The article by Steven Heitman and colleagues1 ignores health human resource realities in Canada. The only logical strategy for people aged 50–74 years at average risk of developing colorectal cancer (CRC) is to start with computerized tomographic (CT) colonography and proceed to full colonoscopy with polypectomy on the same day when polyps greater than 5 or 10 mm in diameter are found.

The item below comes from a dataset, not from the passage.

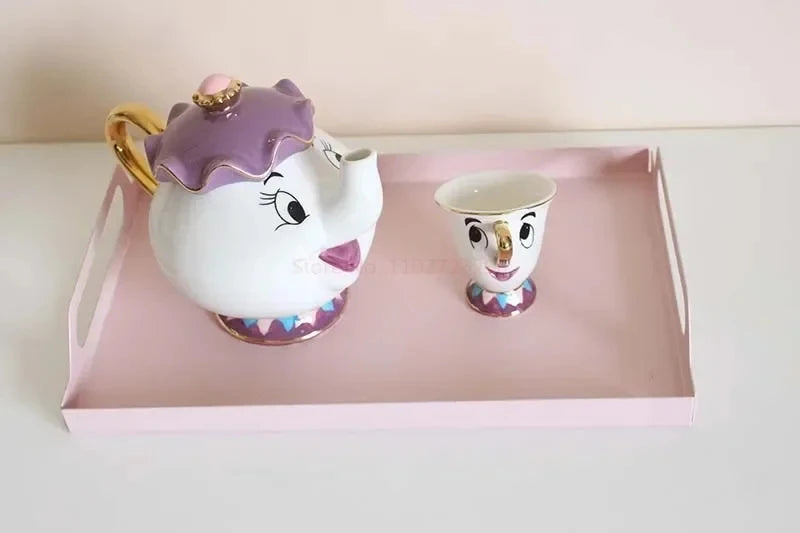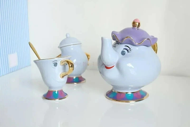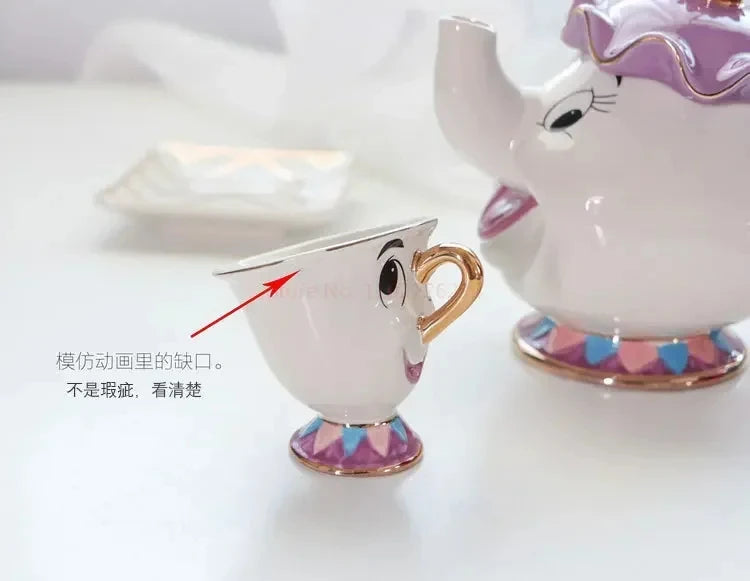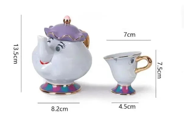 Disney Teapot Cute Cartoon Beauty And The Beast Coffee Pots Mug Mrs Potts Chip Cup Tea Cup Pots One Tea Sets Gift Droshipping

The Canadian health care system does not have the capacity to offer colonoscopies to everyone aged 50–74 years who is at average risk. Access to gastrointestinal specialty care is limited in many parts of Canada.2 In 2001, only 3857 colonoscopies were performed per 100 000 Ontarians aged 50–74 years.3 From 1992 to 2001, only 15.7% of Ontarians aged 50–74 years had at least one colonoscopy; 16.7% underwent double-contrast barium enema.3
There are resource planning advantages to a „CT colonography first” strategy. It takes 15 min for an experienced endoscopist to perform a full diagnostic colonoscopy and an additional 5–10 min for a polypectomy. For 100 000 people undergoing CRC screening (27.2% of them will have polyps greater than 5 mm in diameter1), the „CT colonoscopy first” strategy will require 3692 endoscopy days. A colonoscopy for the people in this group who are found to have polyps will use only 1417 endoscopy days.
There are 2 questions that need to be addressed with regard to CRC screening programs. The first is whether CT colonography should replace double-contrast barium enema as a screening tool. The second concerns the optimal interval for repeating CT colonography.